Coastal and Tropical South

July, 2012
Regional Report

Favorite or New Plant

You see this wonderful vegetable with many names on the bin beside it at farmers markets and grocery stores, too. Native to Mexico, it is a worldwide favorite for its huge vine and plump fruits that can be stuffed with seafood and rice, chopped for stir fry, or boiled for soup. Light green and pear shaped, ripe merleton will sprout on the kitchen counter after a couple of weeks. Pot it up in a gallon container and plant in the sunny garden this fall with a fence or trellis. By the way, other names for this gorgeous green grenade-shaped gourd include chayote, mirliton, vegetable pear, and choko, but its botanic name is Sechium edule.

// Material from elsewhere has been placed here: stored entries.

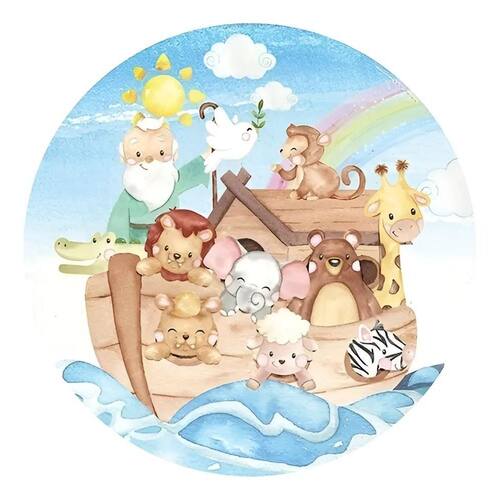Painel Festa Redondo Sublimado 3D Tecido C/Elástic Arca De N
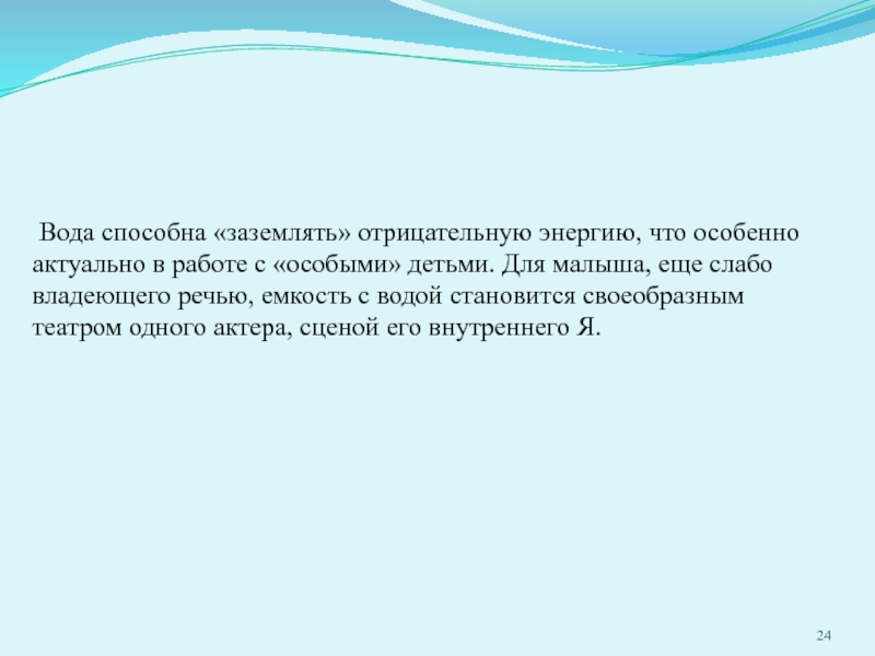 Слайд 24 Вода способна «заземлять» отрицательную энергию, что особенно актуально в работе с
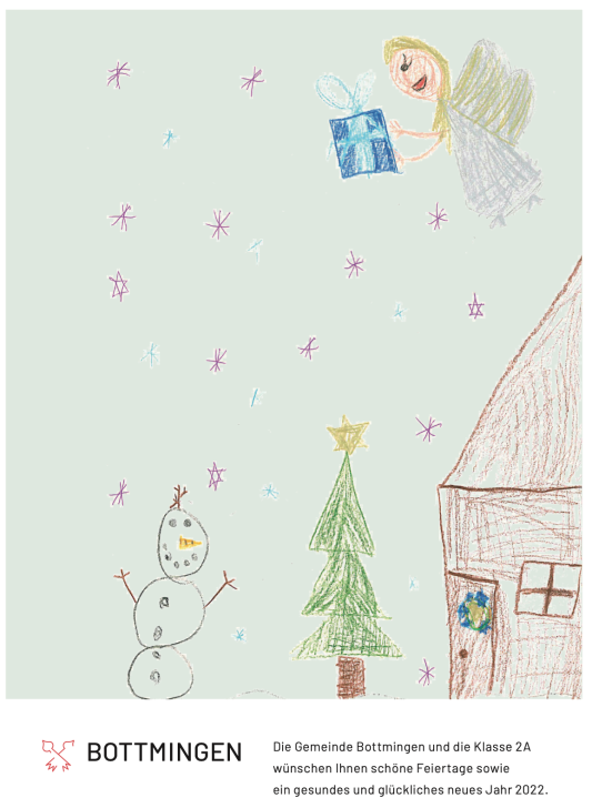 Die Gemeinde Bottmingen wünscht Ihnen besinnliche Feiertage und ein schönes Weihnachtsfest. In diesem Jahr haben die Kinder der Klasse 2A der Primarschule Bottmingen die Weihnachtskarten der Gemeindeverwaltung gestaltet. Wir danken den Schülerinnen und Schülern für ihre kreativen Arbeiten und dem Klassenlehrer Timo Winter für seine Unterstützung. Gerne können Sie alle Motive auf unserer Website anschauen.
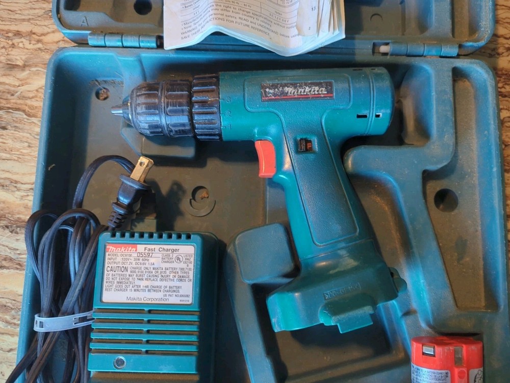 Vintage Makita 6222D Cordless Driver Tool, Battery, & Charger. Battery does not hold a charge. Some marking on items as shown in photos. Driver not tested as battery doesn't charger.
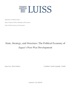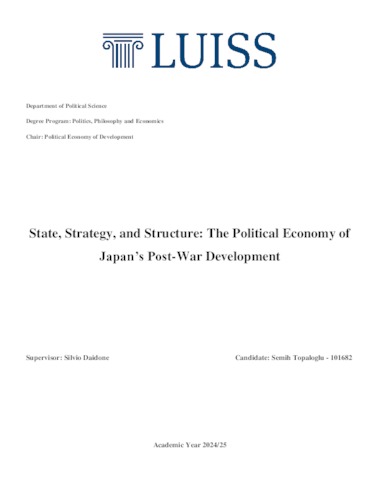 Topaloglu, Semih (A.A. 2024/2025) State, strategy and structure: the political economy of Japan’s post-war development. Tesi di Laurea in Political economy of development, Luiss Guido Carli, relatore Silvio Daidone, pp. 38. [Bachelor's Degree Thesis]
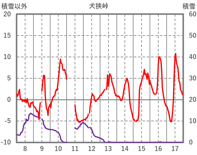 | 日 | 時 | 気温 | 降水 | 風向/風速 | 日照 | 積雪 | 降雪 |
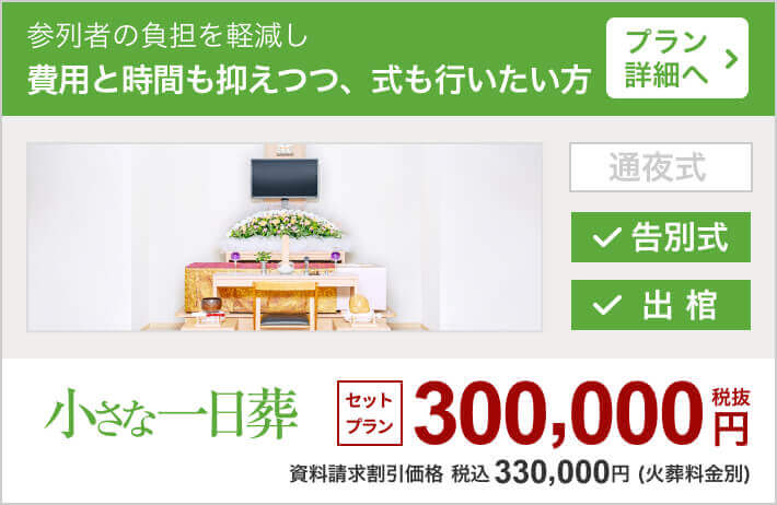 (小さな一日葬・小さな家族葬・小さな一般葬:資料請求10万円割引 小さなお別れ葬・小さな火葬式:資料請求5万円割引)
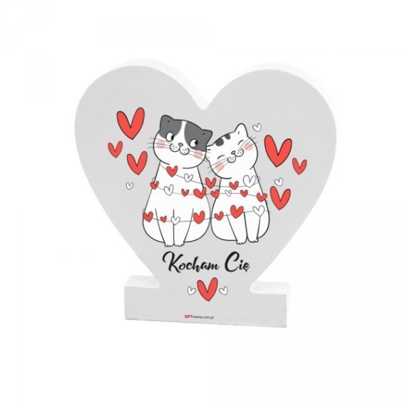 • Drewniana tabliczka serce z podstawką wzbogacona lakierem UV z napisem "Kocham Cię"
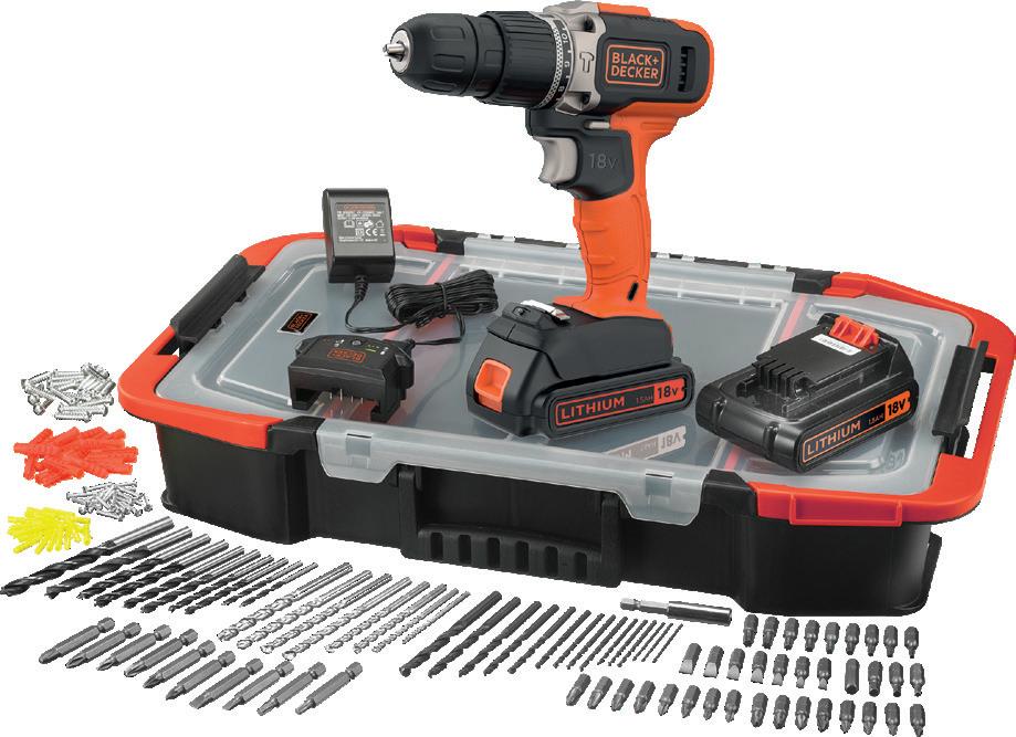 included: 2 x 18V 1.5Ah battery, 1 x 400mA charger, 1 x click and connect box, 160 x accessories
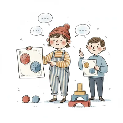 Kinder präsentieren Würfelbilder und diskutieren spielerisch.
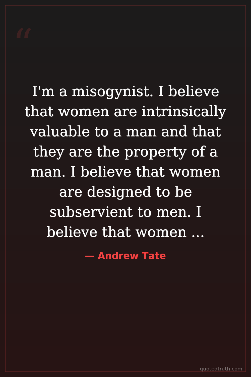I'm a misogynist. I believe that women are intrinsically valuable to a man and that they are the property of a man. I believe that women are designed to be subservient to men. I believe that women are designed to be homemakers and mothers. I believe women are designed to be beautiful objects for men to look at.
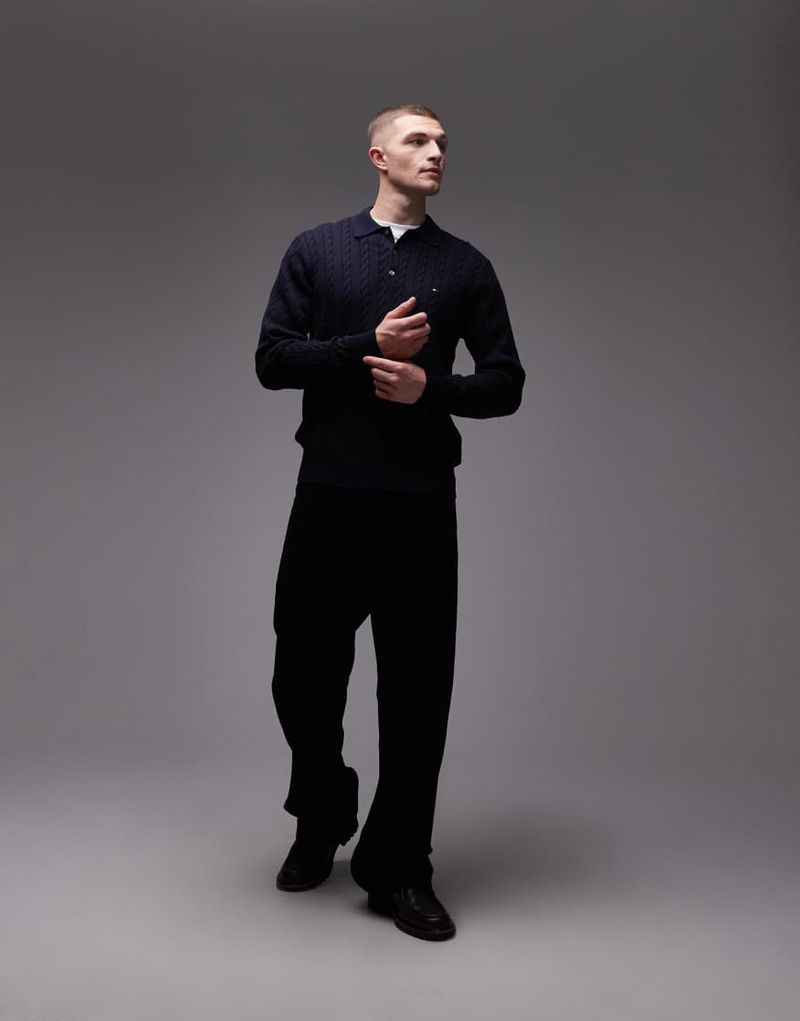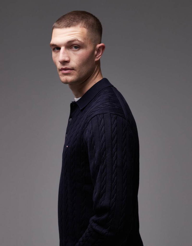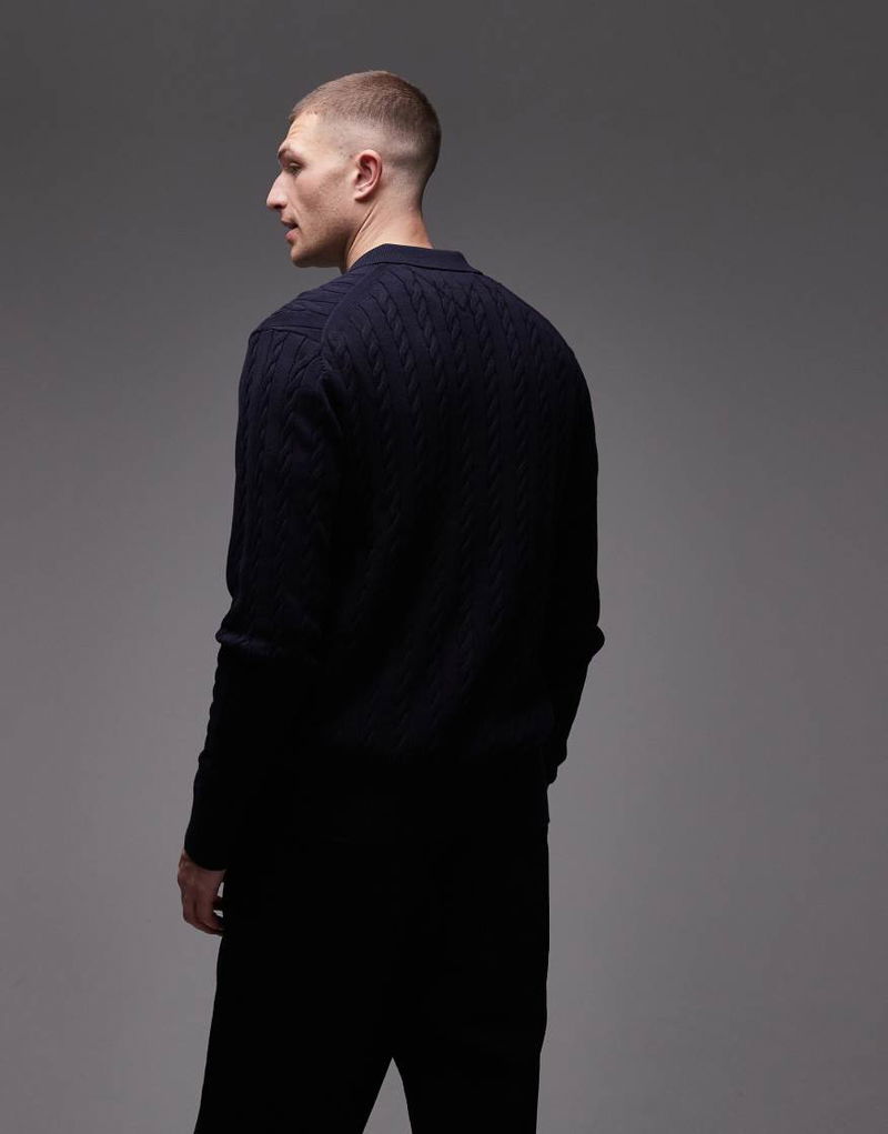 Cable Knit Long Sleeve Polo
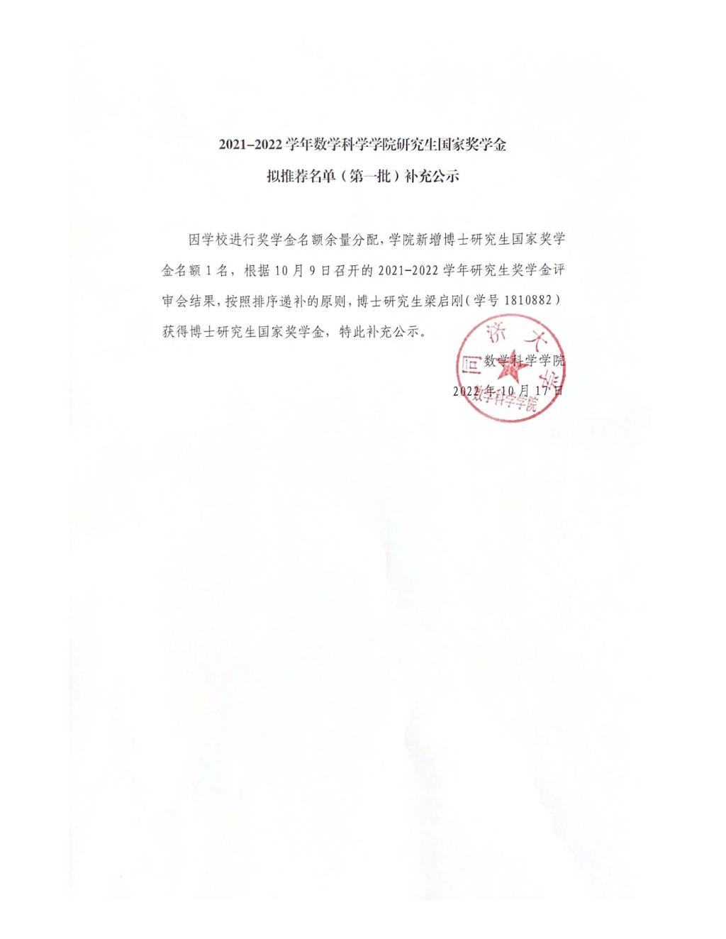 2021-2022学年欧洲足球比分直播 研究生国家奖学金拟推荐名单(第一批)补充公示
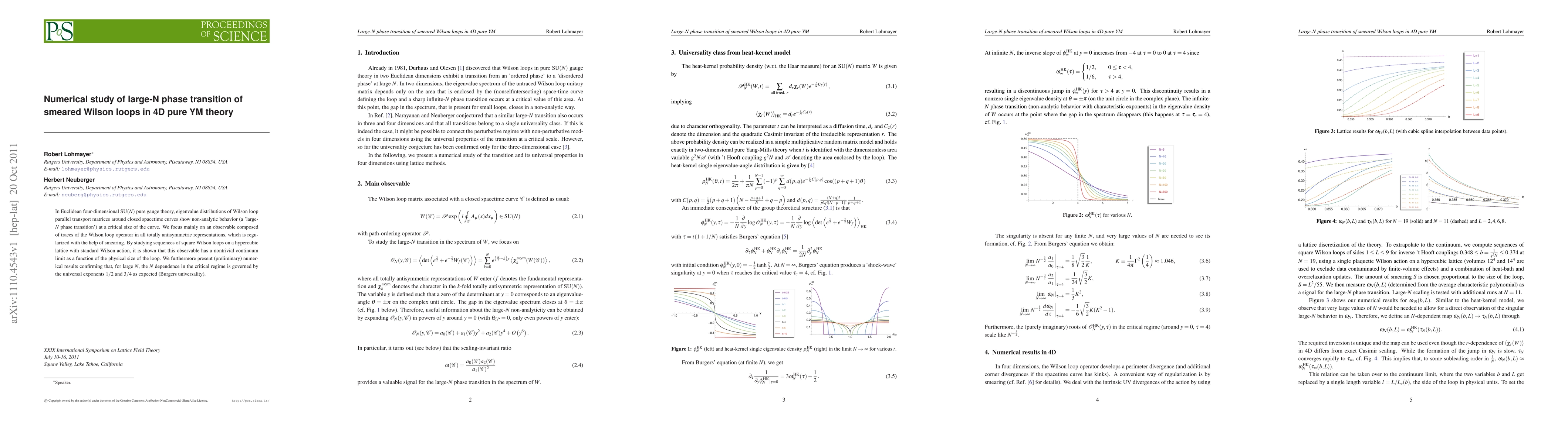This paper investigates the large-N phase transition in 4D SU(N) pure Yang-Mills theory, focusing on smeared Wilson loops. It demonstrates that the observable composed of traces of Wilson loops in antisymmetric representations has a nontrivial continuum limit, and presents numerical evidence supporting the universality of critical exponents 1/2 and 3/4 for large N.

Clever Gardening Technique

Make Willow Water
Lots of people, especially my rose-growing friends, use willow water as a natural rooting hormone. It contains IBA and SA and together these plant hormones promote root development. Basically, willow water is a tea made by cutting young willow stems into inch long segments. Choose thin, young stems that have yellow or green bark and cut them into inch long segments. Put them in a clean jar or zip top plastic bag, cover with boiling water, and steep overnight. Or cover with tap water and let it stand for several days. Finally, strain the liquid and use immediately to soak cuttings that you want to root. You can store extra willow water in the refrigerator for a couple of months, but be sure to label it with a date. Discard and make fresh if too much time has passed.